By Anonymous Anonymous, at Tue Nov 04, 11:42:00 AM:

Sorry conservatives but the report clearing Palin was done by her political appointees. Sorry to shed some truth and facts on the situation because it will be a little harder to delude yourselves:

Troopergate Report Assigned By Palin Is In
Posted by Steve Benen, Washington Monthly on November 4, 2008 at 7:02 AM.

Three weeks ago, an independent investigation launched by the Alaskan legislature into Sarah Palin's abuse-of-power scandal wrapped up with a fairly devastating report -- Palin violated the public trust, violated state ethics laws, and lied about it. (Soon after, Palin, driven either out of ignorance or illiteracy, said the report had cleared her of "any hint of any kind of unethical activity," which is the opposite of reality.)

Palin and the McCain campaign decided it didn't like the independent investigation, and preferred a different probe, run by Alaska's personnel board, which is made up of members who answer to Palin.

And wouldn't you know it, on the night before the election, the board sided with Palin in a hastily released report.

A report released on Monday by a state board found that Gov. Sarah Palin did not apply improper pressure to try to dismiss a state trooper who was her former brother-in-law and did not violate state ethics laws in the firing of her public safety commissioner.

The report by the Alaska Personnel Board contradicts the conclusions last month of a separate inquiry into the matter overseen by a bipartisan legislative panel. The earlier inquiry found that Ms. Palin had breached a state ethics act by pressing to have the trooper, Mike Wooten, fired.

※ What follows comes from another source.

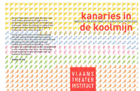
Page couverture du plan directeur "Kanarie in de Koolmijn"

La Fédération belge est composée de trois régions : la Flandre, la Wallonie et Bruxelles. Ce sont la Flandre et Bruxelles qui se sont unis pour élaborer un schéma directeur pour la danse.

It appears that, as far as Palin's Alaska Personnel Board is concerned, this was a he-said, she-said situation. Walt Monegan described discussions he had with members of the Palin administration about the governor's ex-brother in law, while Palin and her aides said those conversations hadn't taken place. As far as the board's investigator was concerned, he believed the aides.  

By Blogger Dawnfire82, at Tue Nov 04, 12:29:00 PM:

Do you honestly think that you're persuading people with this pseudo-report spamming?

Because this is what happens: "Oh look, more spam." *skips to next comment*  

By Blogger davod, at Tue Nov 04, 12:40:00 PM:

The rabid attacks on Palin and her family are testement to how scared the Democrats and their sycophants in the media are of Palin.

It seems clear that this was an attempt to drive Palin out of politics alltogether.

What they may have done is drive a lot of moderate Democrats out of the party  

By Anonymous Anonymous, at Wed Nov 05, 06:10:00 PM:

DEC, that's fascinating about the etymology of "Squealer", I had not remembered (or maybe I had in some unconscious way heh-heh) that reference in Animal Farm. Not that it's bad for me. Kind of like "Little John".

Sirius, Escort, You will notice that my comment was written on the same date as the letter from her doctor. Do not any of you find the timing of the letter strange? Why wait until the day before the election? Frankly, I do not find the letter convincing. It's just one person's word and there's nothing to corroborate it with.

DL Sly, I may be wrong about the specifics about what happened, but there is definitely something being kept from view. Obama, McCain, and Biden have done a better job of releasing medical records.